◆ **Stored items**
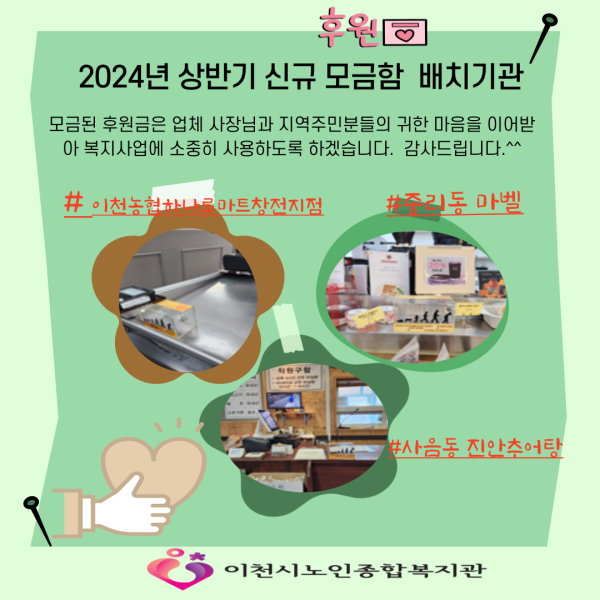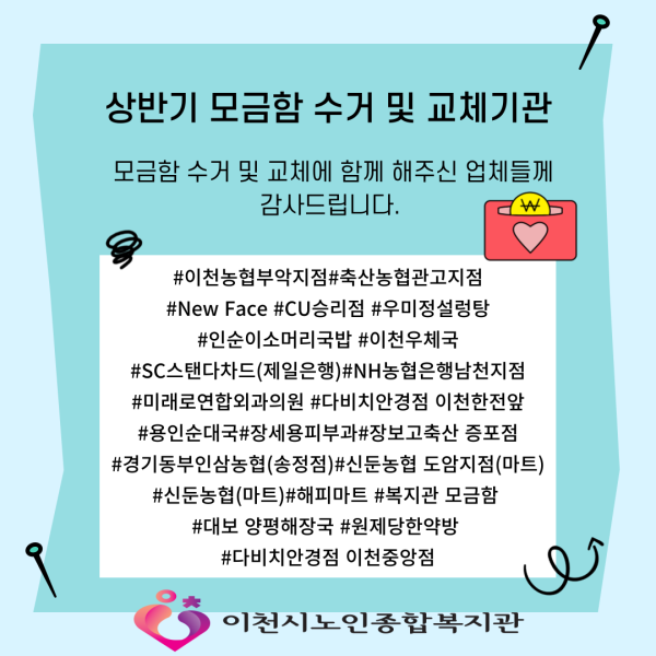 이천시노인종합복지관 상반기 모금함 수거 및 교체에 함께 해주신 업체들께 감사드립니다.
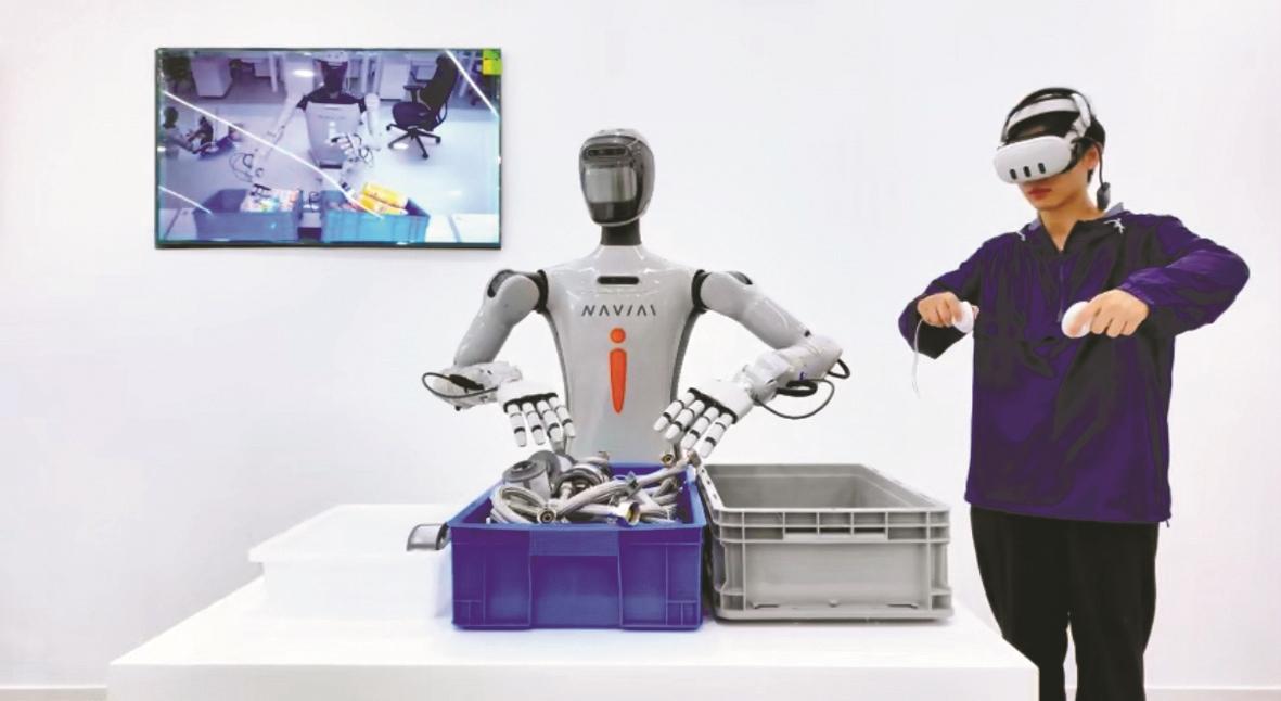 “我们对人形机器人的‘岗前实训’,采用VR遥操作技术,通过VR设备捕捉工作人员的动作,再将它转化为控制机器人运动的指令,使之不断学习人类的行为模式,提升‘举一反三’的泛化作业本领,掌握更多为人类服务的技能。”该公司市场经理洪映映介绍。
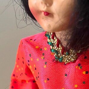 Vintage 7.5" Doll Spanish Mexican Girl Sleepy Eyes Floral Dress Souvenir
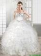 Lovely Big Puffy White Quinceanera Dress with Beading and Ruffles
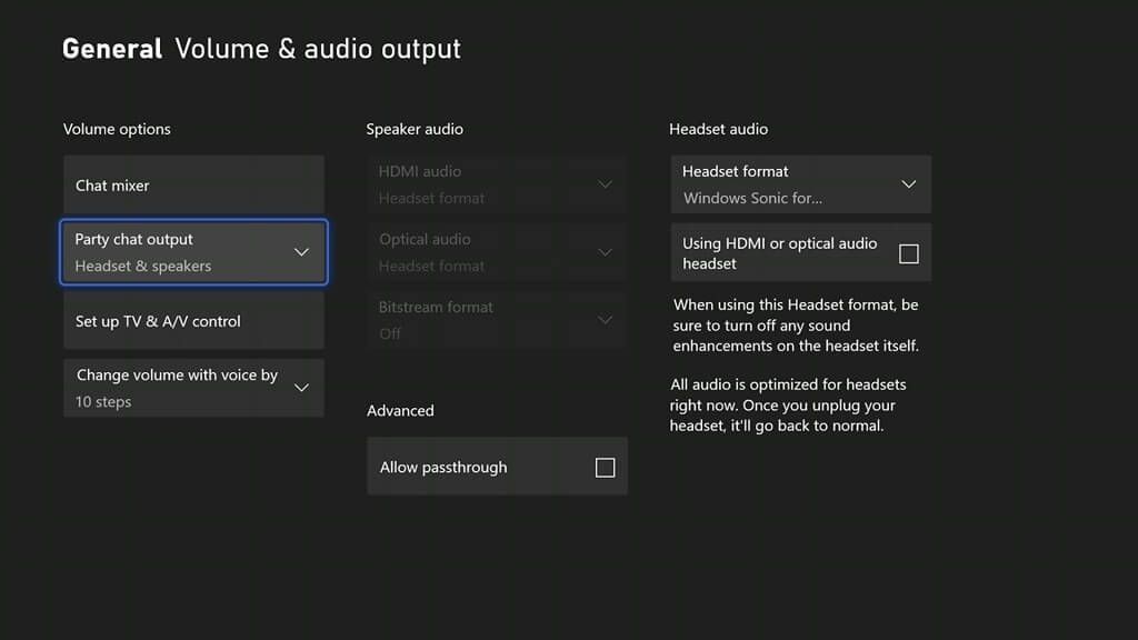 問題は、ヘッドセットにある場合があります。パーティーチャットを調整して、ヘッドセットの代わりにテレビスピーカーから再生するか、両方から同時に再生することができます。

◆ **Description of the task**
The lines from the one containing "Floral Dress Souvenir" through the last line of the data above are to be transcribed exactly, both included, with all pictures left out.

◆ **Output below**
 Vintage 7.5" Doll Spanish Mexican Girl Sleepy Eyes Floral Dress Souvenir
 Lovely Big Puffy White Quinceanera Dress with Beading and Ruffles
 問題は、ヘッドセットにある場合があります。パーティーチャットを調整して、ヘッドセットの代わりにテレビスピーカーから再生するか、両方から同時に再生することができます。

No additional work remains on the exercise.